WORK TASK:
Exact reproduction is required for the lines below starting at the line with "This home has" and ending at the line with "Protection contre les", both included. No other lines, and no pictures.

EXTRACTED ENTRIES:
- - -
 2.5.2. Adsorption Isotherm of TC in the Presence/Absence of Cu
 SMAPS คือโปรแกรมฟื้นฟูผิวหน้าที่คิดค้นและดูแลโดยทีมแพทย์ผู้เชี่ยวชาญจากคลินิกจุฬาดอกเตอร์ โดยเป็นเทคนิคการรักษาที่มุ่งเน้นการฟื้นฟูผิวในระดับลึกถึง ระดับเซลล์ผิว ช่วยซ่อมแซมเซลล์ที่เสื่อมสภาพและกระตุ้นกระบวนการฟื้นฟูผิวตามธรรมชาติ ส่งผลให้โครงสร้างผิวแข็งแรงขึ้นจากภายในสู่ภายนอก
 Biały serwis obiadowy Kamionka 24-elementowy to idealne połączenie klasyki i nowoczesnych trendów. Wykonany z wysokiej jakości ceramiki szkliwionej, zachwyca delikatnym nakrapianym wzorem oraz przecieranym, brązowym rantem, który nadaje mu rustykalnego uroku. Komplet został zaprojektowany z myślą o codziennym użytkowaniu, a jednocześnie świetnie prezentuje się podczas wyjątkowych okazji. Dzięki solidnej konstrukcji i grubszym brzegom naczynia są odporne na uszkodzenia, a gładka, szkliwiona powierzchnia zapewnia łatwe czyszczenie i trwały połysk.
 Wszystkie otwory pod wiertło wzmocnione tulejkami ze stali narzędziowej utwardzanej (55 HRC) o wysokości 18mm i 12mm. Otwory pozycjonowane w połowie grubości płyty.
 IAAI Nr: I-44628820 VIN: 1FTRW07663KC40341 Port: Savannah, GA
- - -
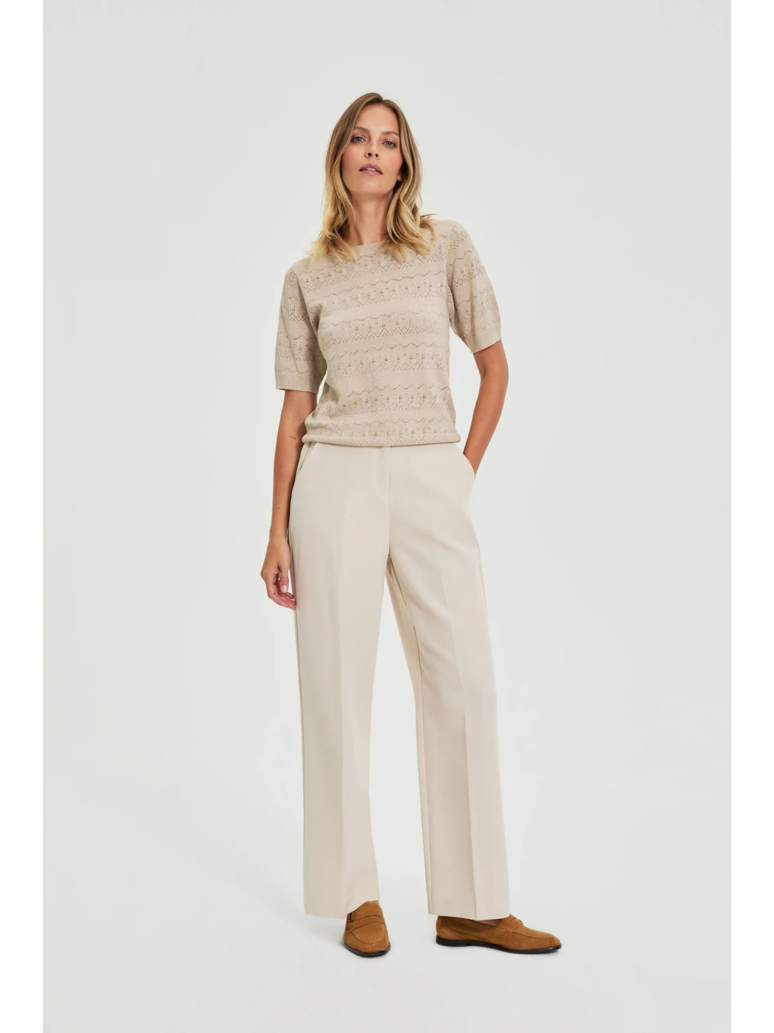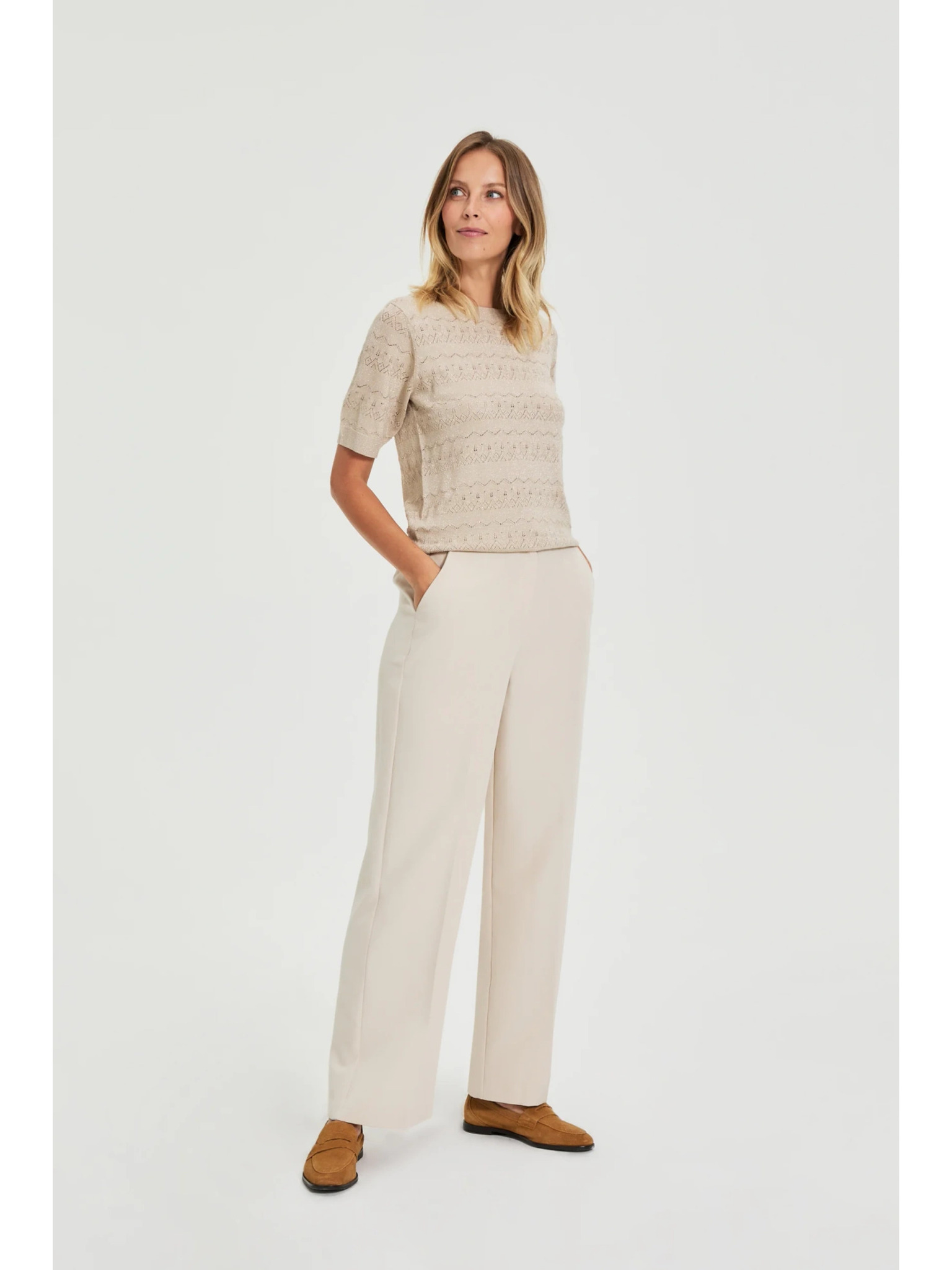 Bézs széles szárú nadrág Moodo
- - -
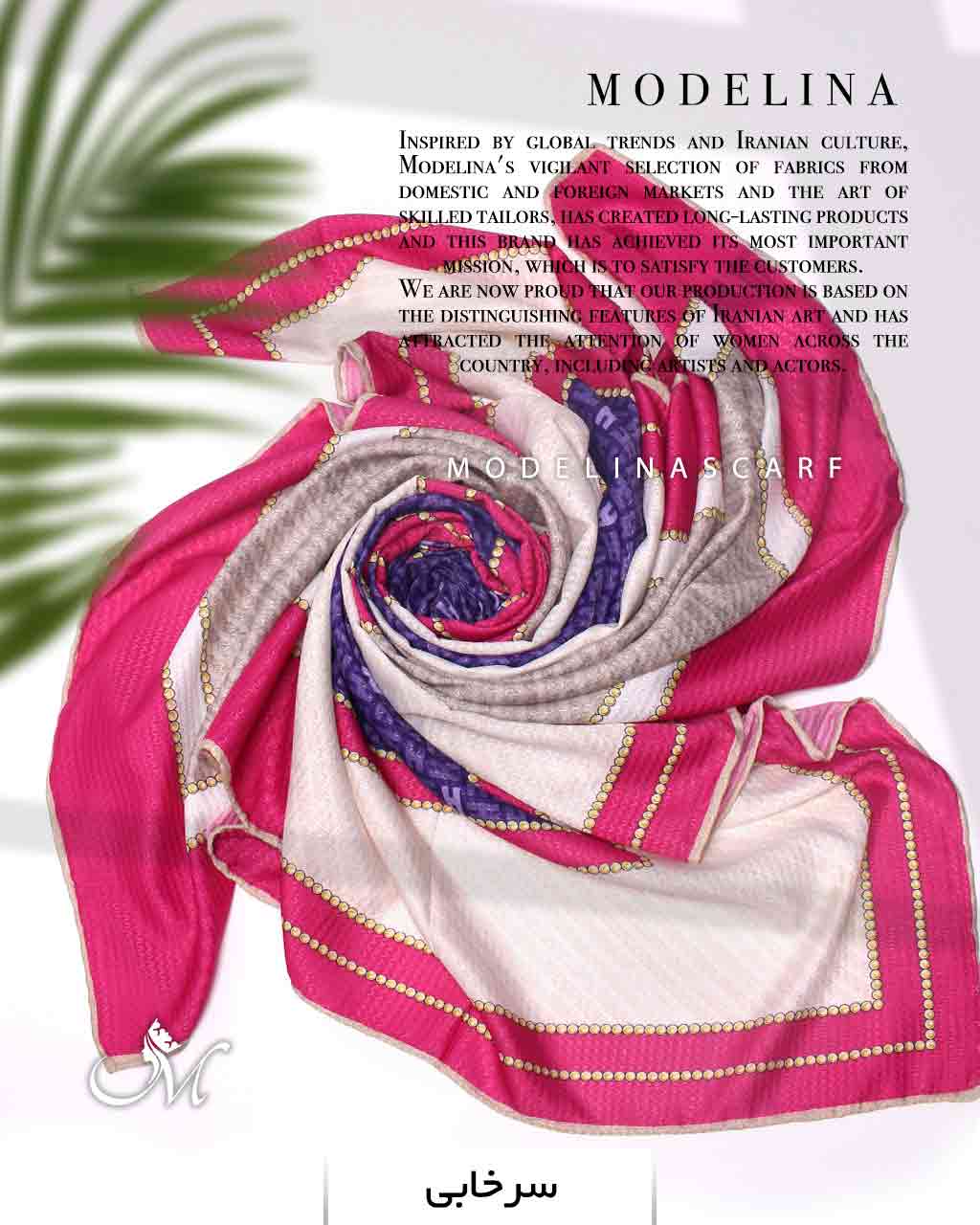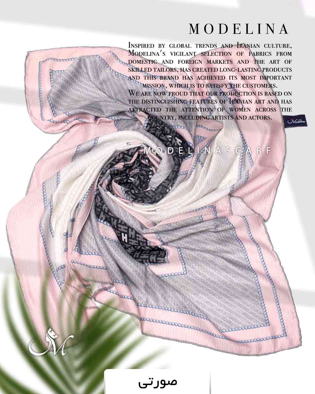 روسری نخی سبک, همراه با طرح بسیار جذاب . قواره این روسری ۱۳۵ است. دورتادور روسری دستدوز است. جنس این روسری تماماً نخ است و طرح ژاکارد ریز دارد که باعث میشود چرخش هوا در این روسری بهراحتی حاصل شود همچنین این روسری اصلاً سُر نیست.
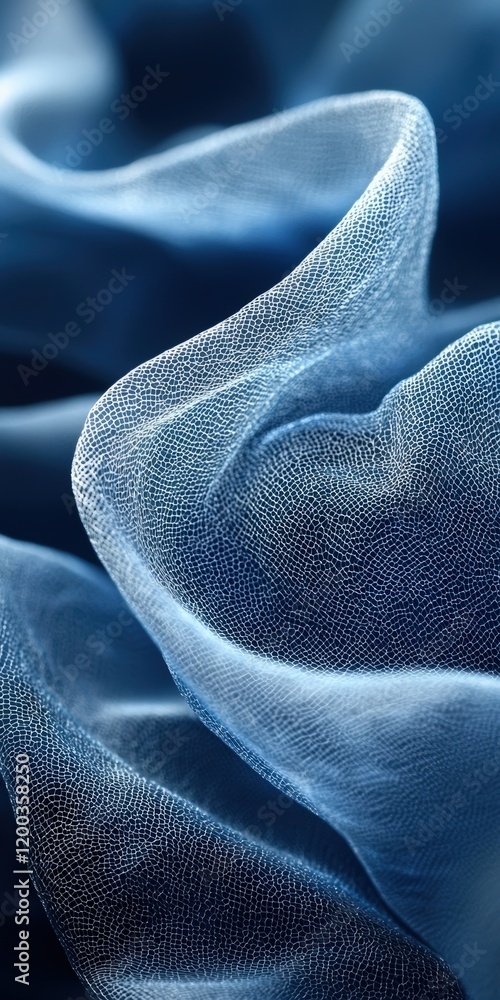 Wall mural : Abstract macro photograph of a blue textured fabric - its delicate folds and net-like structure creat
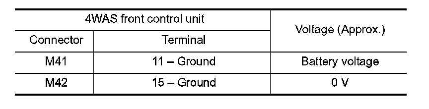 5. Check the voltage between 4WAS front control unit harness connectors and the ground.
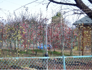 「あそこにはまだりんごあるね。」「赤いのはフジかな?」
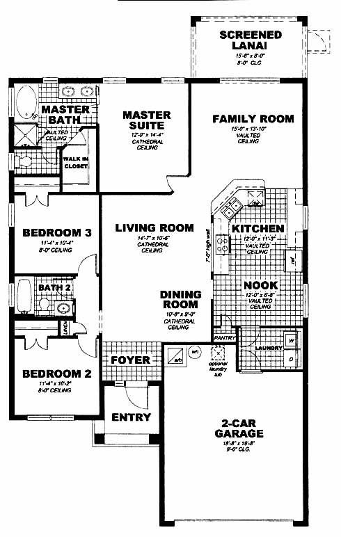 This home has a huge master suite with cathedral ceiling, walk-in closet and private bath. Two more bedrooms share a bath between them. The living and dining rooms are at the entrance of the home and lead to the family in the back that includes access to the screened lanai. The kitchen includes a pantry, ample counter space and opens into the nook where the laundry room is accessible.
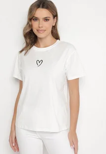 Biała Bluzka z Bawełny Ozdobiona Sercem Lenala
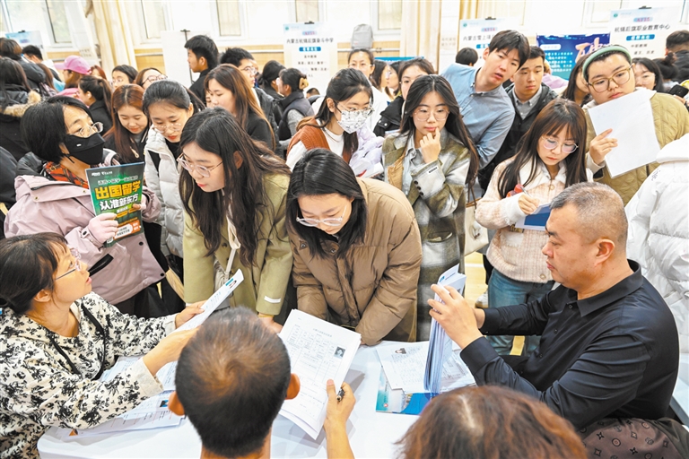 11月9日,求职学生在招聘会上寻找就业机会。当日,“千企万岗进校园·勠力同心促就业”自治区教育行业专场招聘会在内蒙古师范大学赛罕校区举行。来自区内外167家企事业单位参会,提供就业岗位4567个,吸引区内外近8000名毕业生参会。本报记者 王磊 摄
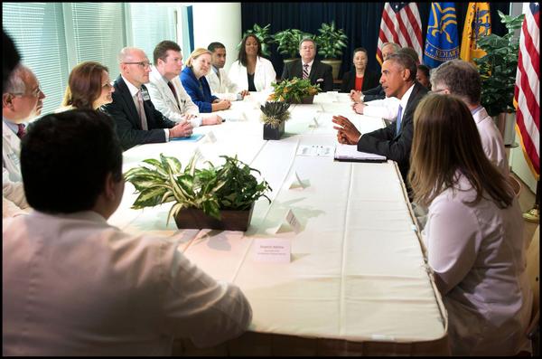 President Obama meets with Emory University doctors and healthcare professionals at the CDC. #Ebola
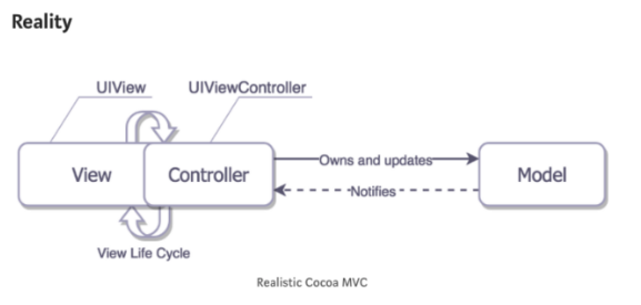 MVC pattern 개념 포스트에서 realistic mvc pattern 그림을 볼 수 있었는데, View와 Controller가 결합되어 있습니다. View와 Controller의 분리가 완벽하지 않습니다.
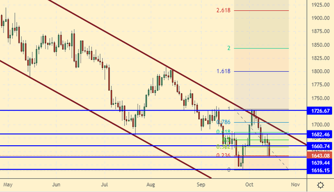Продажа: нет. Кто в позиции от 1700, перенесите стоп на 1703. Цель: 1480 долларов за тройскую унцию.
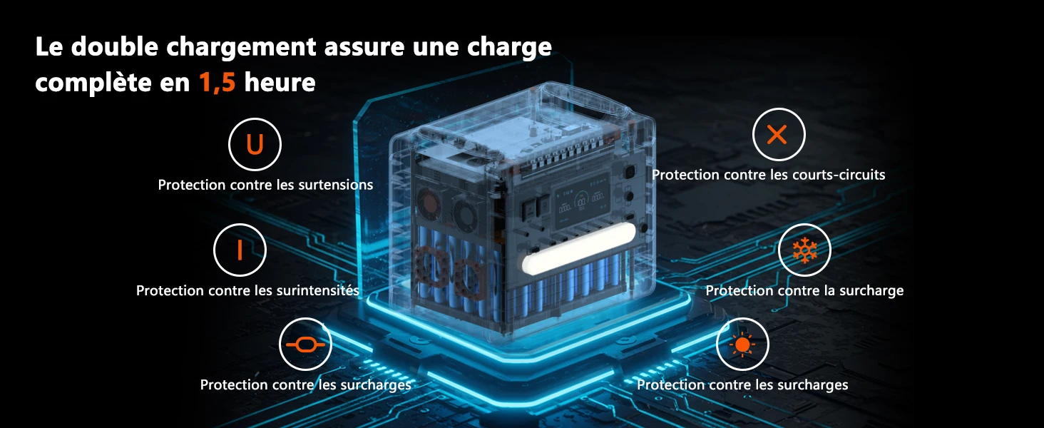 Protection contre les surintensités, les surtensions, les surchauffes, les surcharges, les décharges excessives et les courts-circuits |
- - -
EXERCISE SOLUTION:
 This home has a huge master suite with cathedral ceiling, walk-in closet and private bath. Two more bedrooms share a bath between them. The living and dining rooms are at the entrance of the home and lead to the family in the back that includes access to the screened lanai. The kitchen includes a pantry, ample counter space and opens into the nook where the laundry room is accessible.
 Biała Bluzka z Bawełny Ozdobiona Sercem Lenala
 11月9日,求职学生在招聘会上寻找就业机会。当日,“千企万岗进校园·勠力同心促就业”自治区教育行业专场招聘会在内蒙古师范大学赛罕校区举行。来自区内外167家企事业单位参会,提供就业岗位4567个,吸引区内外近8000名毕业生参会。本报记者 王磊 摄
 President Obama meets with Emory University doctors and healthcare professionals at the CDC. #Ebola
 MVC pattern 개념 포스트에서 realistic mvc pattern 그림을 볼 수 있었는데, View와 Controller가 결합되어 있습니다. View와 Controller의 분리가 완벽하지 않습니다.
Продажа: нет. Кто в позиции от 1700, перенесите стоп на 1703. Цель: 1480 долларов за тройскую унцию.
 Protection contre les surintensités, les surtensions, les surchauffes, les surcharges, les décharges excessives et les courts-circuits |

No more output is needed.